Такой магазин вызвал бы у лондонца начала восемнадцатого века немало поводов для насмешек. В Лондоне у большинства магазинов были застекленные витрины, а стены самих помещений аккуратно оштукатурены. Еще до Великого пожара парижане, например, Самюель Сорбьер, восхищались изысканной отделкой лондонских магазинов, которые «радуют глаз и привлекают внимание прохожих». Англичане и сами удивлялись, с какой скоростью только что открытые магазины обзаводятся застекленными витринами. «Никогда не было в наших магазинах такого количества росписи и позолоты, таких узорных окон и огромных зеркал, как сейчас», — жаловался Даниэль Дефо в 1726 году. Он, довольно несправедливо, сравнивал лондонские магазины с крикливо одетым французским щеголем. Несмотря на то, что застекленные окна облагались налогом, из-за свободной конкуренции английские стекольные заводы вынуждены были снижать цены, в то время как их коллеги по другую сторону Ла-Манша (такие, например, как корпорация «Сен-Гобен», основанная в 1665 году по распоряжению Людовика XIV), пользовались привилегиями королевской монополии.
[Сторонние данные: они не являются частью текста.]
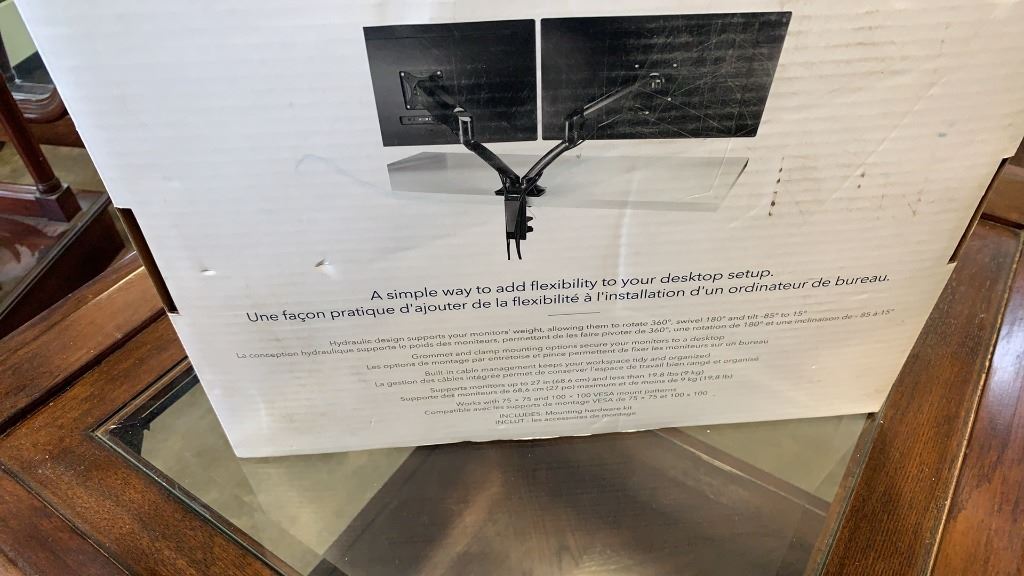 NEW OVERSTOCK INSIGNIA DUAL MONITOR HYDRAULIC MOUNT - 27 INCH

Лондонские витрины продолжали поражать и восхищать парижан даже в начале девятнадцатого века, не только из-за наличия стекол, но и потому, что на центральных улицах по вечерам их… подсвечивали! Таким образом, магазины могли работать до девяти или половины десятого вечера.

В 1831 году Эдвард Планта свидетельствовал, что в Париже лишь немногие магазины смогли обзавестись «нормальными» витринами.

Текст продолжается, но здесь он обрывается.